● REQUIRED WORK: Every line between the one containing "- Precision hygrometer" and the last line of the data, both included, is to be set down exactly, and pictures are to be omitted.

● DATA EXTRACT:
========================================================================
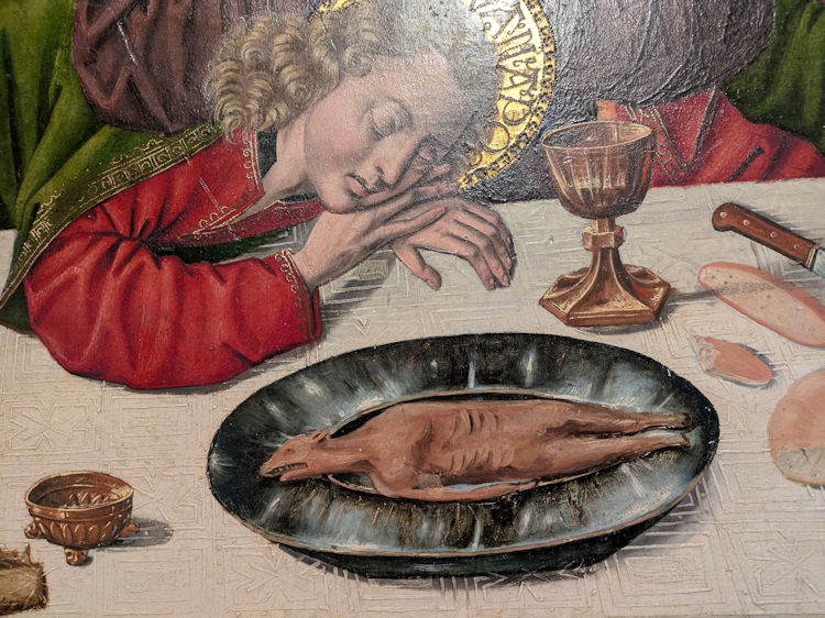 . . . but in the whole huge fresco in the 'Corridor of the Last Supper' we find many main dishes set out, all similarly unidentifiable. The fresco is attributed to Bartolomeo Coda or his dad Benedetto, first half of the 16th century, and is now in the Museo della Città in Rimini. It's not a very intimate setting for a last supper, in an era before electronic amplification. Viewed in December 2017
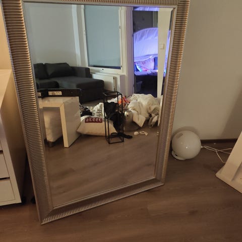 Myydään kaksi hopeisella kehyksillä olevaa kuvan mukaista peiliä.
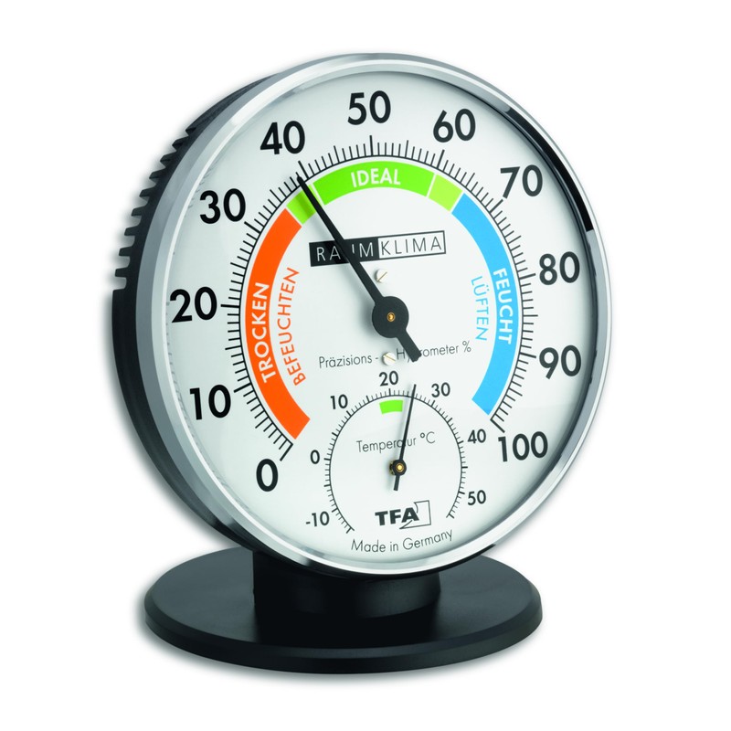 - Precision hygrometer synthetic hair for room air control. Monitoring device for your room climate. Made in Germany. This precise hygrometer/thermometer has been especially developed for room climate control. The scale shows the status of the air in your room and warns you if the air is unhealthy. It is clearly indicated whether you should air or humidify your room. The analog device does not require batteries and is very precise. A perfect device for controlling you room climate. A useful investment for healthy living. Technical specifications: diameter 100 mm, depth 26 mm, thermometer -15 to 60 degrees, precision +-1 degree, hygrometer 0 to 100%, measurement using synthetic hair, no batteries required, plastic casing, decorative chrome ring, for hanging or standing.
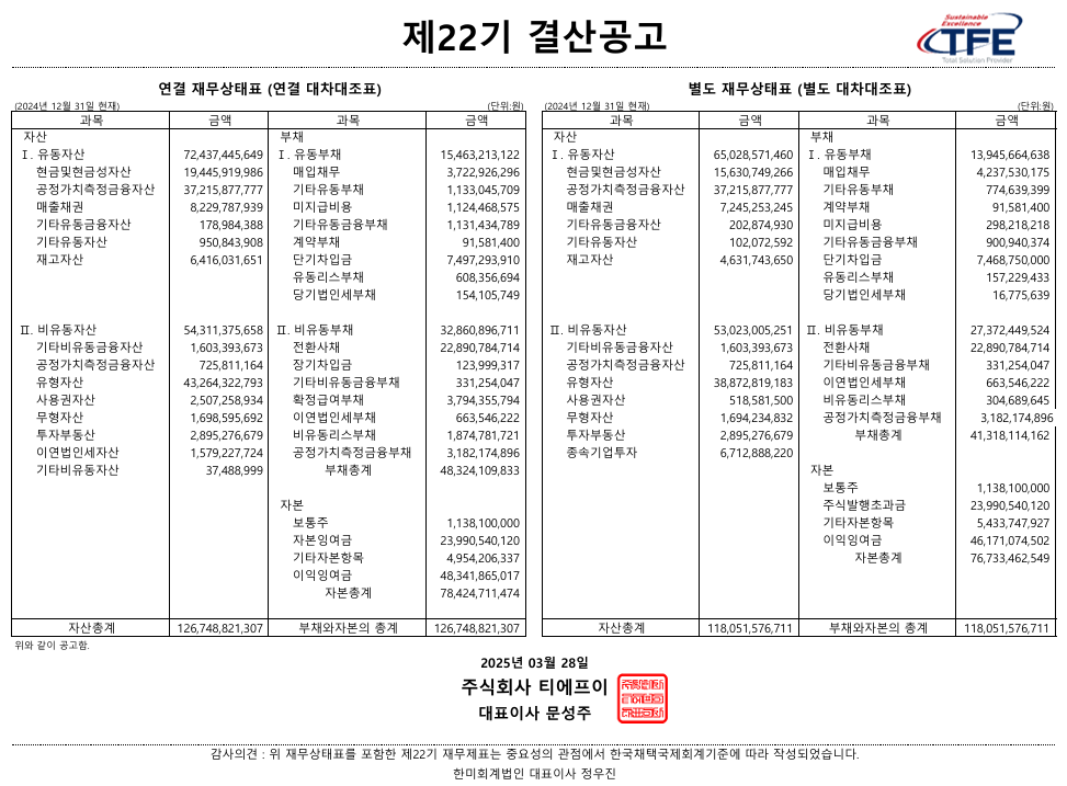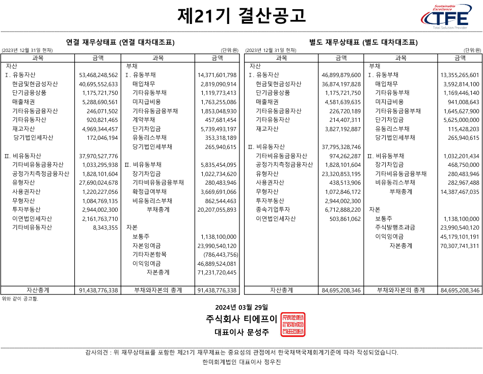 2024년 9월 30일(주)티에프이대표이사 문성주
========================================================================
● OUTPUT OF THE EXERCISE:
 - Precision hygrometer synthetic hair for room air control. Monitoring device for your room climate. Made in Germany. This precise hygrometer/thermometer has been especially developed for room climate control. The scale shows the status of the air in your room and warns you if the air is unhealthy. It is clearly indicated whether you should air or humidify your room. The analog device does not require batteries and is very precise. A perfect device for controlling you room climate. A useful investment for healthy living. Technical specifications: diameter 100 mm, depth 26 mm, thermometer -15 to 60 degrees, precision +-1 degree, hygrometer 0 to 100%, measurement using synthetic hair, no batteries required, plastic casing, decorative chrome ring, for hanging or standing.
 2024년 9월 30일(주)티에프이대표이사 문성주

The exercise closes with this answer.